Shall that be shut to Man, which to the Beast
Is open? or will God incense his ire
For such a petty Trespass, and not praise
Rather your dauntless vertue, whom the pain
Of Death denounc't, whatever thing Death be,
Deterrd not from atchieving what might leade
To happier life, knowledge of Good and Evil;
Of good, how just? of evil, if what is evil
Be real, why not known, since easier shunnd?
God therefore cannot hurt ye, and be just;
Not just, not God; not feard then, nor obeyd:
Your feare it self of Death removes the feare.
Why then was this forbid?
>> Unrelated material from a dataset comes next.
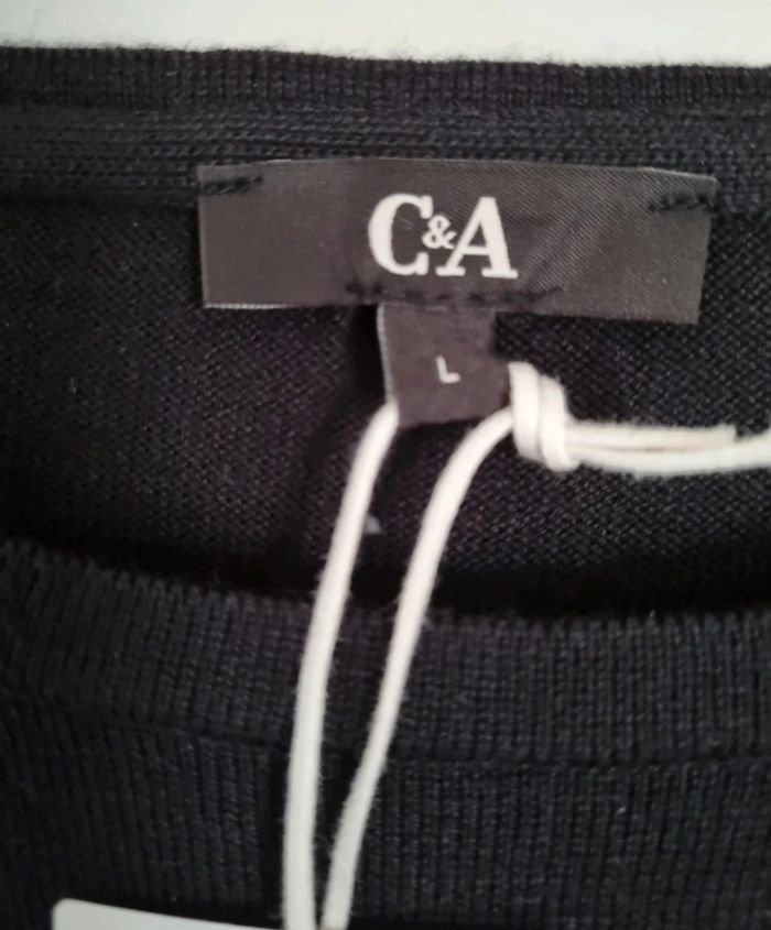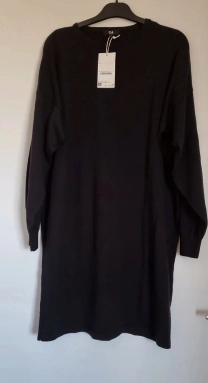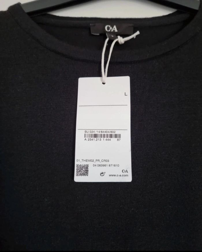 Robe pull noir col rond manches longues 41% coton, 49% acrylique Longueur : 94 cm Taille L

Why but to awe,
Why but to keep ye low and ignorant,
His worshippers; he knows that in the day
Ye Eate thereof, your Eyes that seem so cleere,
Yet are but dim, shall perfetly be then
Op'nd and cleerd, and ye shall be as Gods,
Knowing both Good and Evil as they know.
That ye should be as Gods, since I as Man,
Internal Man, is but proportion meet,
I of brute human, yee of human Gods.
So ye shall die perhaps, by putting off
Human, to put on Gods, death to be wisht,
Though threat'nd, which no worse then this can bring.
And what are Gods that Man may not become
As they, participating God-like food?
The Gods are first, and that advantage use
On our belief, that all from them proceeds;
I question it, for this fair Earth I see,
Warm'd by the Sun, producing every kind,
Them nothing: If they all things, who enclos'd
Knowledge of Good and Evil in this Tree,
That whoso eats thereof, forthwith attains
Wisdom without their leave? and wherein lies
Th' offence, that Man should thus attain to know?
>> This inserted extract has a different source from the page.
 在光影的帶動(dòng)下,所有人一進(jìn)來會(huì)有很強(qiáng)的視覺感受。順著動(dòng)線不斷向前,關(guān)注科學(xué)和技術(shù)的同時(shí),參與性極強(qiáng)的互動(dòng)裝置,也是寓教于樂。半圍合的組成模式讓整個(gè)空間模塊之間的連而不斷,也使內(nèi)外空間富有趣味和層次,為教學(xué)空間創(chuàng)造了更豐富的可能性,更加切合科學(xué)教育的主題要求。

What can your knowledge hurt him, or this Tree
Impart against his will if all be his?
Or is it envie, and can envie dwell
In Heav'nly brests? these, these and many more
Causes import your need of this fair Fruit.
Goddess humane, reach then, and freely taste. (
PL 9.684-732)
I don't know if the student caught my allusions or even followed my well-intended advice, but my "bellyache thesis" actually has much to commend it . . . even if no other scholars seem to have recognized the chasmic depths of its engulfing profundity.

Now, however, those procrastinating students looking for help in writing their last-minute papers have a legitimate resource, a new, user-friendly website designed by students for first-time readers of Milton's Paradise Lost:
darknefs vifible
I think that they mean "Darkness Visible," but whom am I to take issue with nostalgia for the lisping orthographic conventions of Early Modern English?

Humor aside, I like the website and recommend a visit -- and not only for first-time Milton readers.